[Stored dataset items]
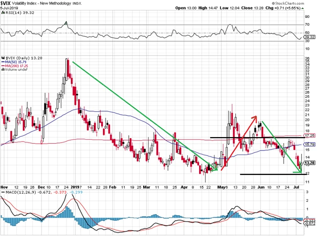 Index volatility VIX se v pátek přiblížil úrovni 12 bodů, na které byl naposledy v dubnu. Jeho nízká hodnota je pro akcie býčím signálem, změnu by znamenal až jeho růst nad 17.
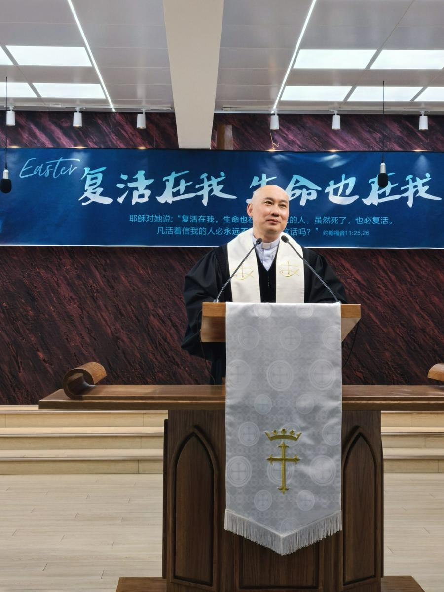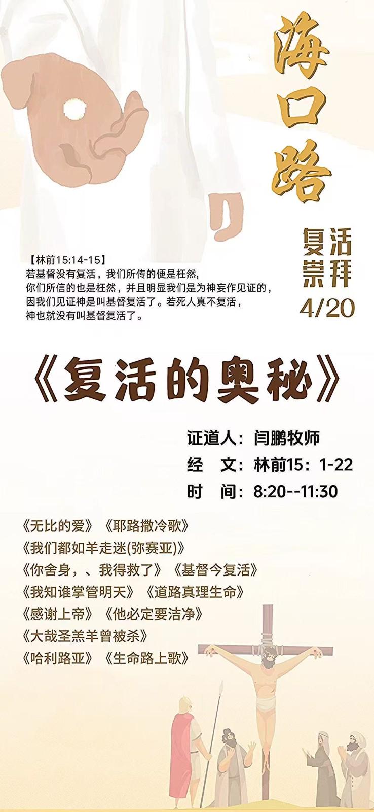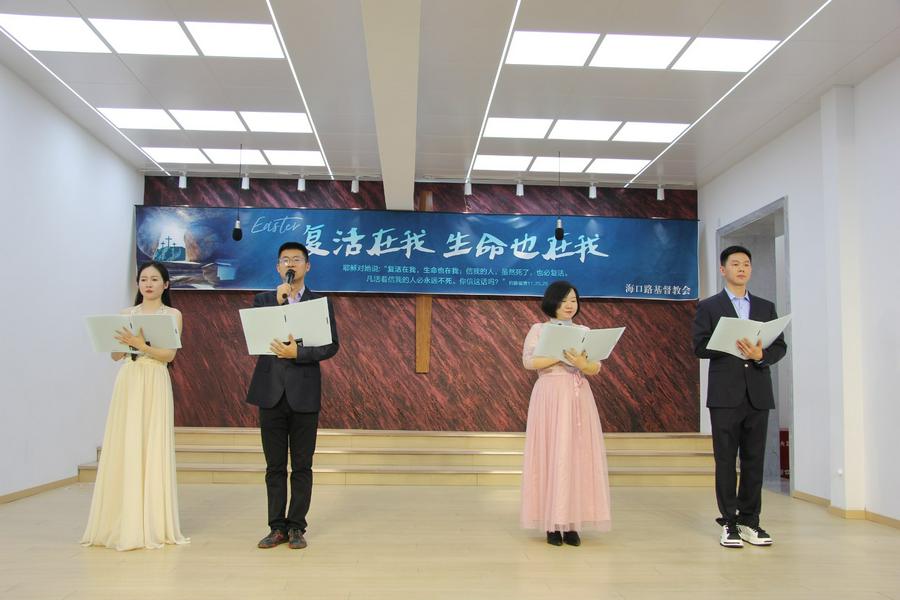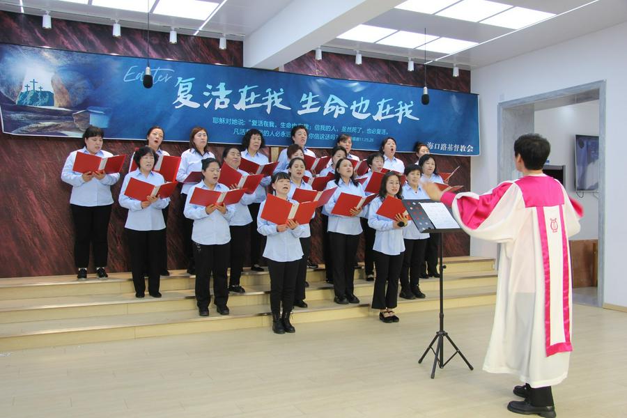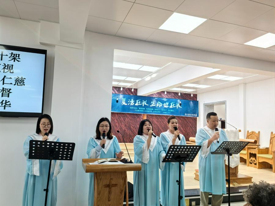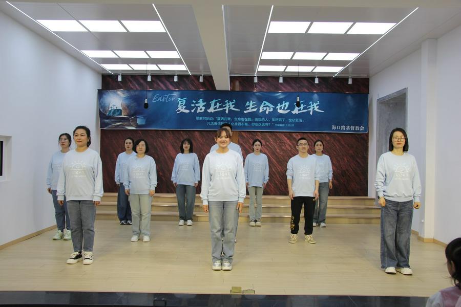 2025年4月20日复活节,吉林省长春市海口路基督教会举行了复活节主日崇拜聚会。教会负责人闫鹏牧师为主证道之后,教会的各个班组、团契在圣殿赞美。诗班献唱《主耶稣已复活》、青年团契大合唱《十架高悬日》《复活》、六区聚会点合唱《加略山的爱》、富奥聚会点合唱《主复活歌》、祷告组舞蹈《热情的新郎》、银湖聚会点大合唱《复活的主》《耶稣全得胜》、荣归班大合唱《主复活》、新生命学习班合唱《主啊 我还相信你》、探访组大合唱《歌颂复活主》等三十个赞美诗歌、舞蹈等节目献给荣耀的主耶稣基督。
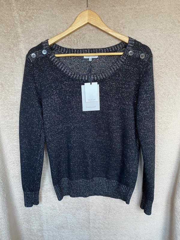 Чёрный свитер, с разноцветной ниткой люрекса! Длина рукава 62 см ПОГ 46см Длина 63см
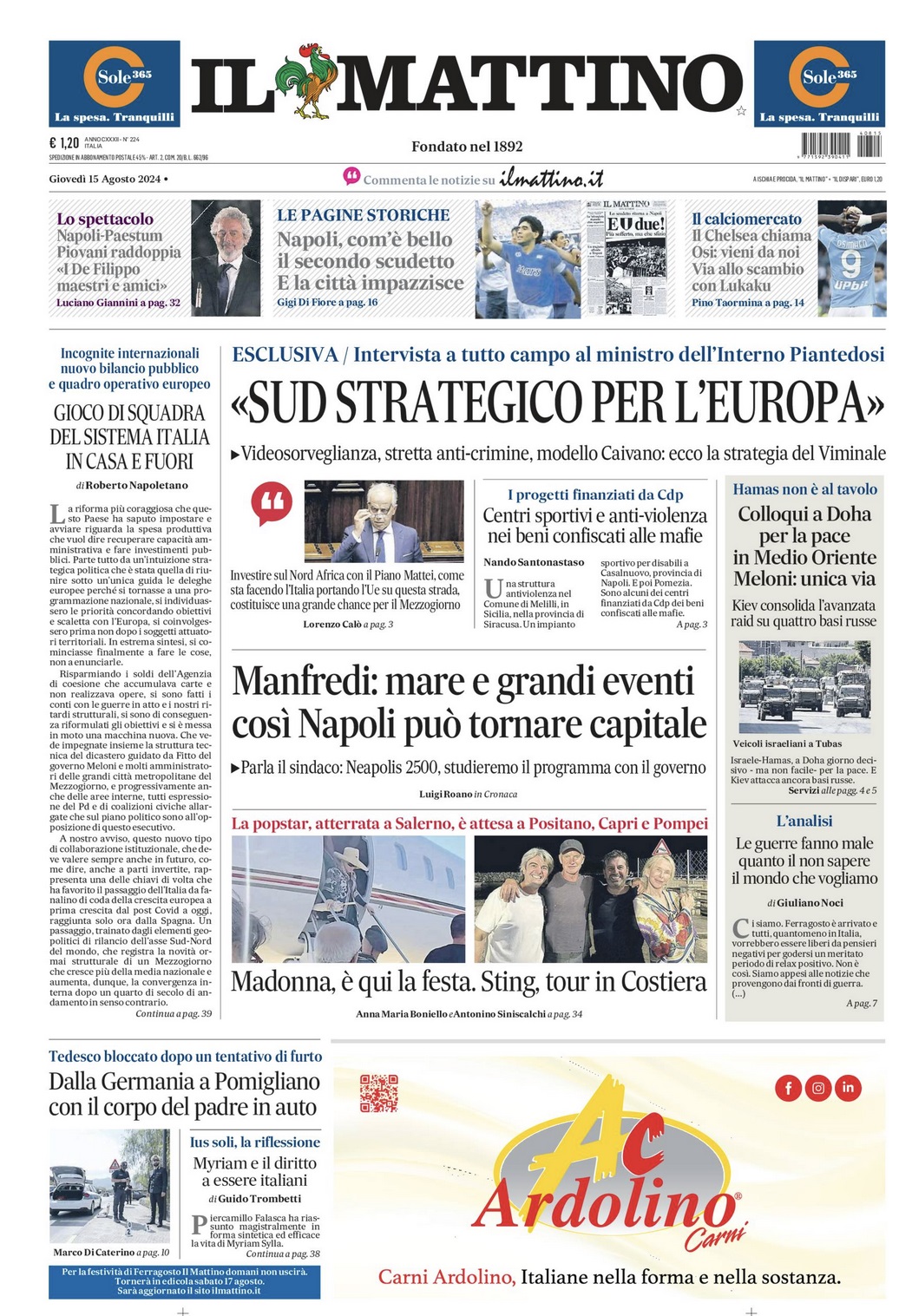 Nell'edizione di oggi, Il Mattino apre in prima pagina con il mercato del Napoli e il possibile scambio con il Chelsea Osimhen-Lukaku: "Il Chelsea chiama Osi: vieni da noi. Via allo scambio con Lukaku". In taglio alto tra le prime pagine storiche del quotidiano di oggi quella riguardante al secondo scudetto del Napoli nel 1990: "Napoli, com'è bello il secondo scudetto. E la città impazzisce". Di seguito la prima pagina integrale.
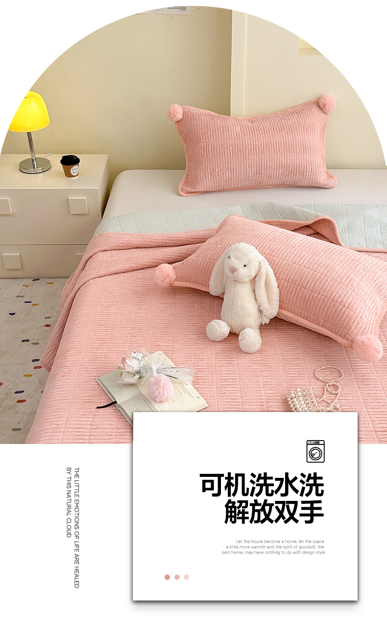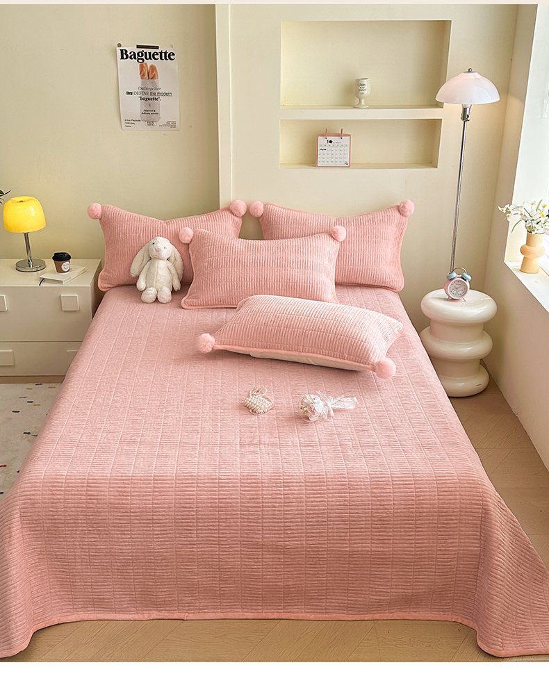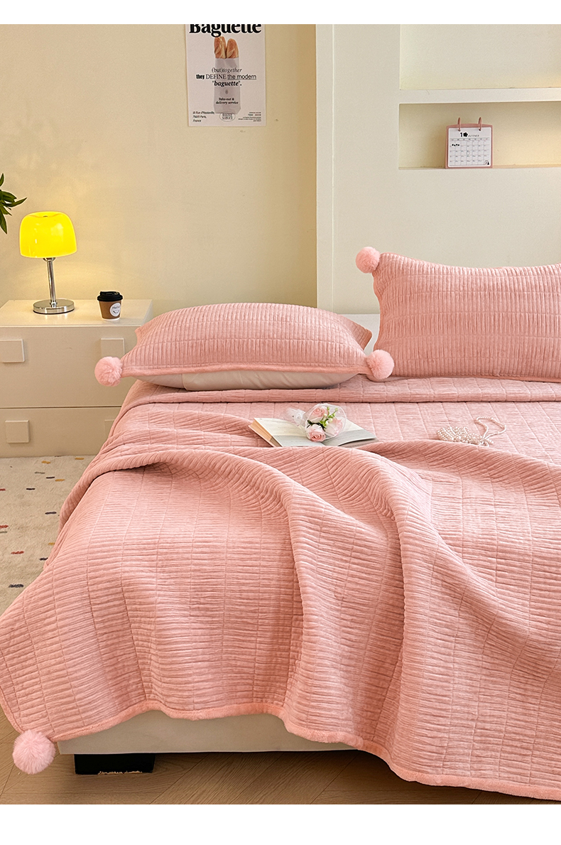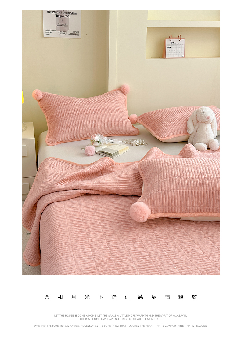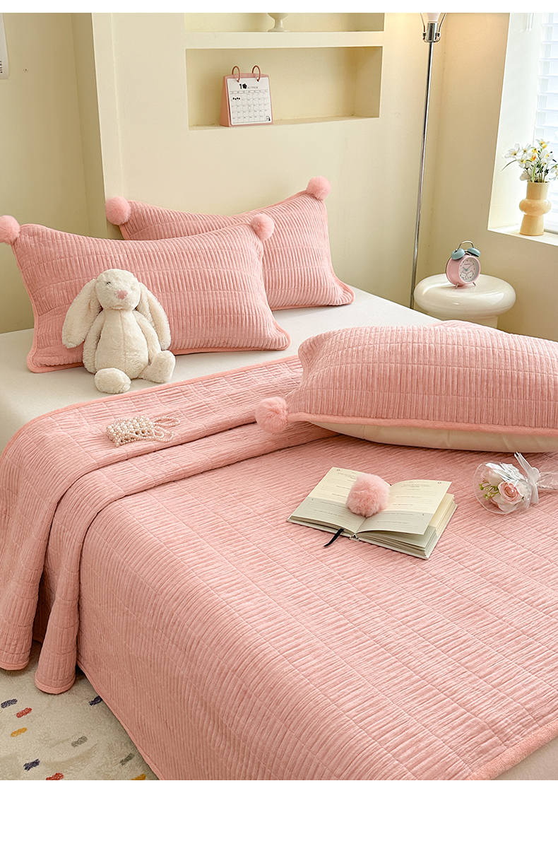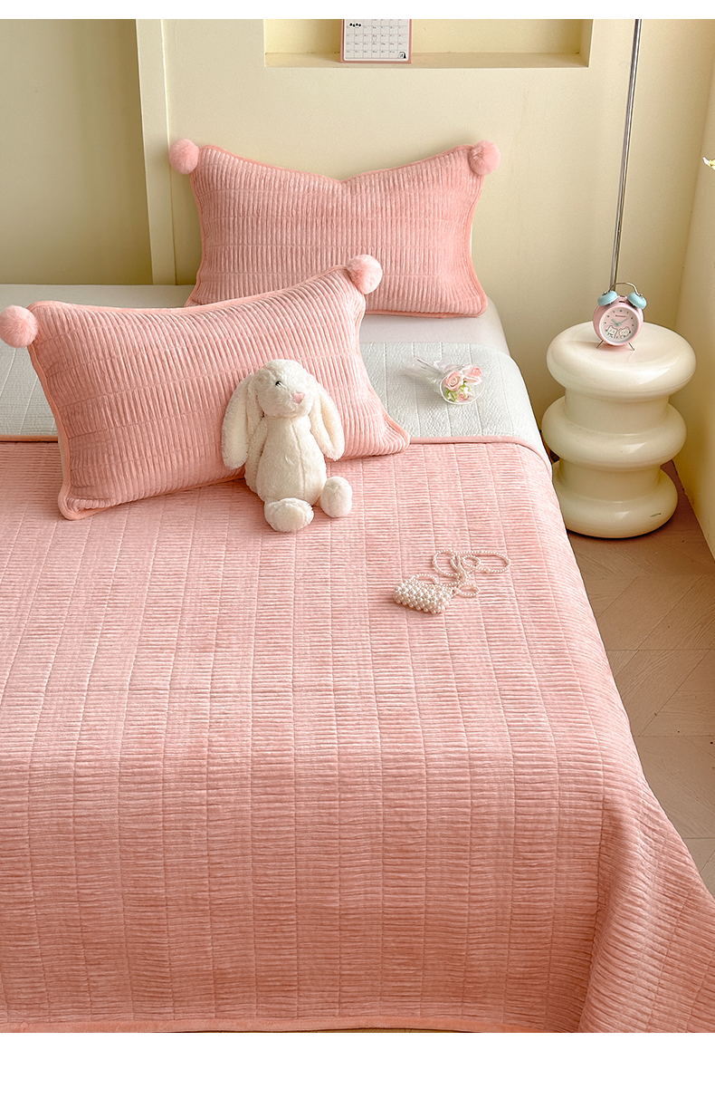 商品名称:寐居家纺 2025新款婴儿皱皱绒纯色床盖三件套 青岚-木槿粉
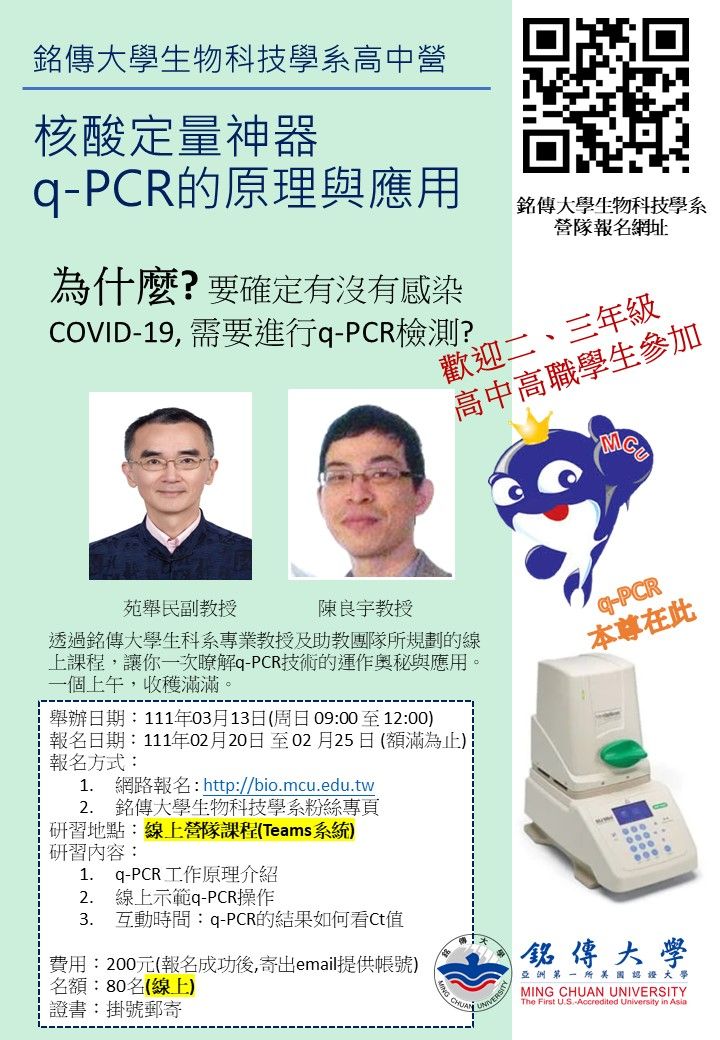 銘傳大學111年03月13日(星期日)舉辦高中生實習營「核酸定量神器q-PCR的原理與應用」
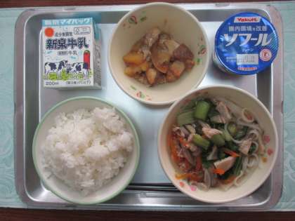 今日の給食は「フォー,ガイヤーン,ヨーグルト」でした。フォーはベトナムを代表する麺です。 米から作られる半透明の麺で, 日本のきし麺と似た,平たい形をしています。
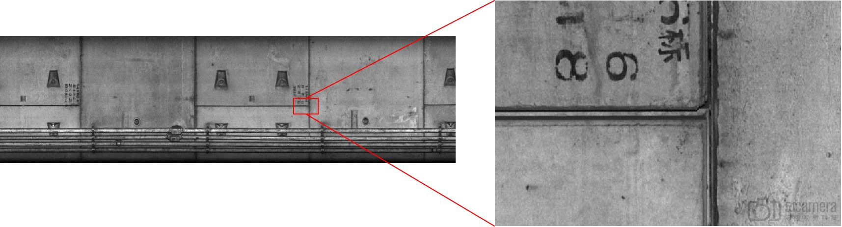 下列图像为地铁隧道成像效果节选,其中测试模块为单激光模块,测试距离2米,测试速度50公里,光圈F5.6,曝光时间25us。
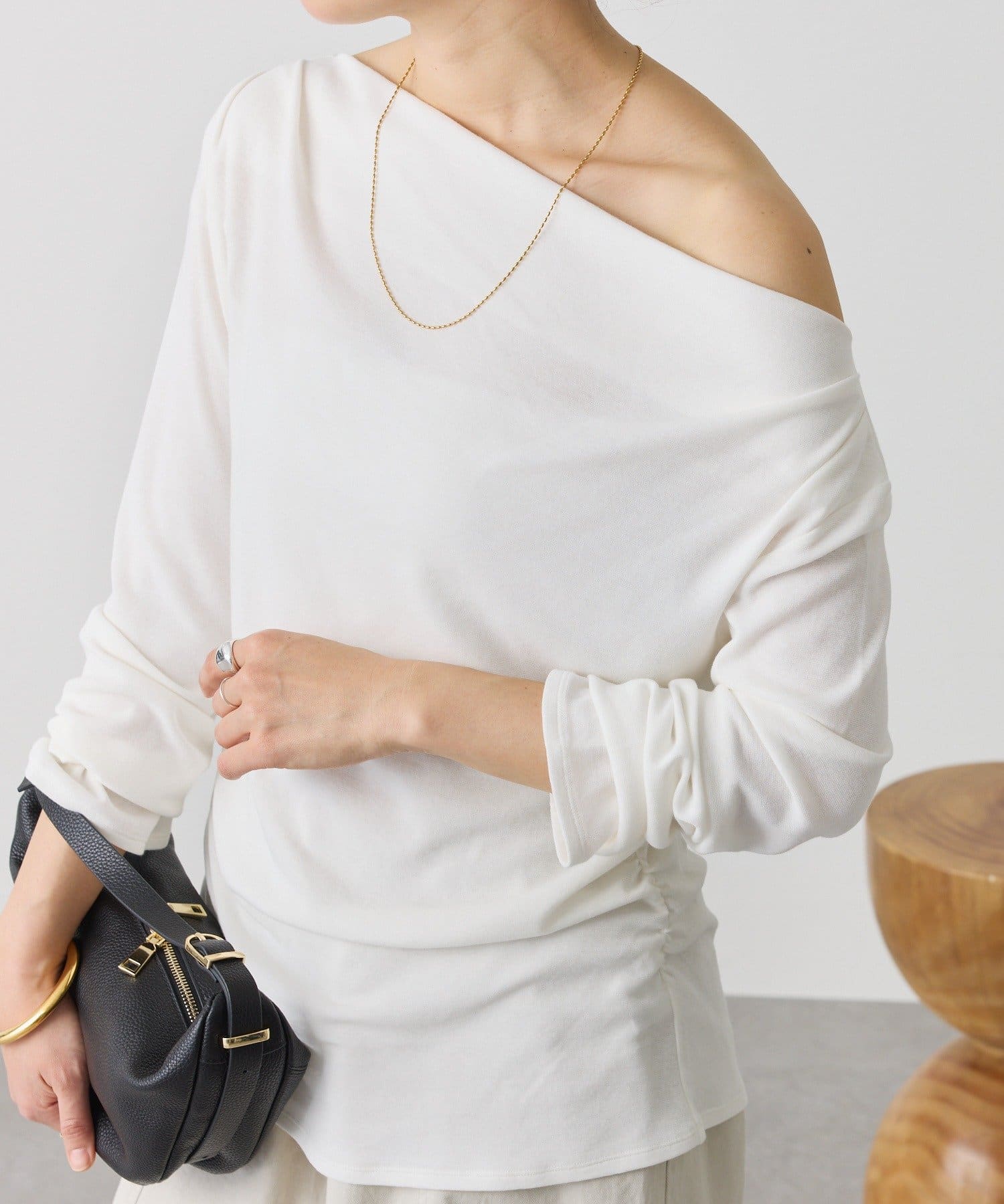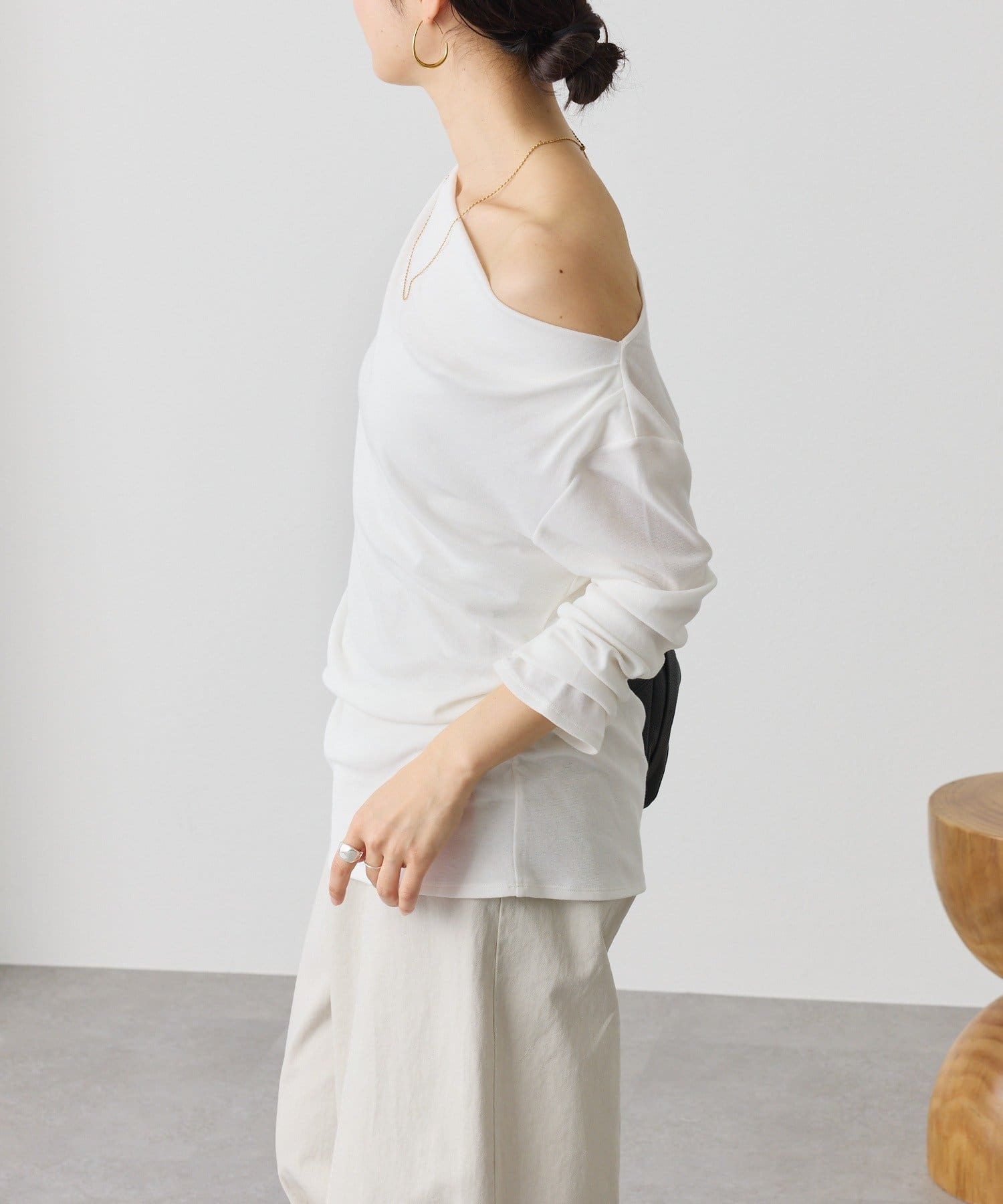 ・ワンショルやオフショルとしても着用いただけるネックコンシャスなデザインです。
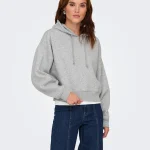 ONLY μπλούζα φούτερ γκρι, που συνδυάζει την άνεση με το μοντέρνο στυλ. Πρόκειται για ένα νεανικό γυναικείο top σε κοντό μήκος (cropped), που αναδεικνύει τη μέση και προσθέτει μια δυναμική sport πινελιά στην εμφάνισή σας.

## [Work task]
Print the records above exactly, minus pictures.

## [Task result]
 Index volatility VIX se v pátek přiblížil úrovni 12 bodů, na které byl naposledy v dubnu. Jeho nízká hodnota je pro akcie býčím signálem, změnu by znamenal až jeho růst nad 17.
 2025年4月20日复活节,吉林省长春市海口路基督教会举行了复活节主日崇拜聚会。教会负责人闫鹏牧师为主证道之后,教会的各个班组、团契在圣殿赞美。诗班献唱《主耶稣已复活》、青年团契大合唱《十架高悬日》《复活》、六区聚会点合唱《加略山的爱》、富奥聚会点合唱《主复活歌》、祷告组舞蹈《热情的新郎》、银湖聚会点大合唱《复活的主》《耶稣全得胜》、荣归班大合唱《主复活》、新生命学习班合唱《主啊 我还相信你》、探访组大合唱《歌颂复活主》等三十个赞美诗歌、舞蹈等节目献给荣耀的主耶稣基督。
 Чёрный свитер, с разноцветной ниткой люрекса! Длина рукава 62 см ПОГ 46см Длина 63см
 Nell'edizione di oggi, Il Mattino apre in prima pagina con il mercato del Napoli e il possibile scambio con il Chelsea Osimhen-Lukaku: "Il Chelsea chiama Osi: vieni da noi. Via allo scambio con Lukaku". In taglio alto tra le prime pagine storiche del quotidiano di oggi quella riguardante al secondo scudetto del Napoli nel 1990: "Napoli, com'è bello il secondo scudetto. E la città impazzisce". Di seguito la prima pagina integrale.
 商品名称:寐居家纺 2025新款婴儿皱皱绒纯色床盖三件套 青岚-木槿粉
 銘傳大學111年03月13日(星期日)舉辦高中生實習營「核酸定量神器q-PCR的原理與應用」
 今日の給食は「フォー,ガイヤーン,ヨーグルト」でした。フォーはベトナムを代表する麺です。 米から作られる半透明の麺で, 日本のきし麺と似た,平たい形をしています。
 下列图像为地铁隧道成像效果节选,其中测试模块为单激光模块,测试距离2米,测试速度50公里,光圈F5.6,曝光时间25us。
 ・ワンショルやオフショルとしても着用いただけるネックコンシャスなデザインです。
 ONLY μπλούζα φούτερ γκρι, που συνδυάζει την άνεση με το μοντέρνο στυλ. Πρόκειται για ένα νεανικό γυναικείο top σε κοντό μήκος (cropped), που αναδεικνύει τη μέση και προσθέτει μια δυναμική sport πινελιά στην εμφάνισή σας.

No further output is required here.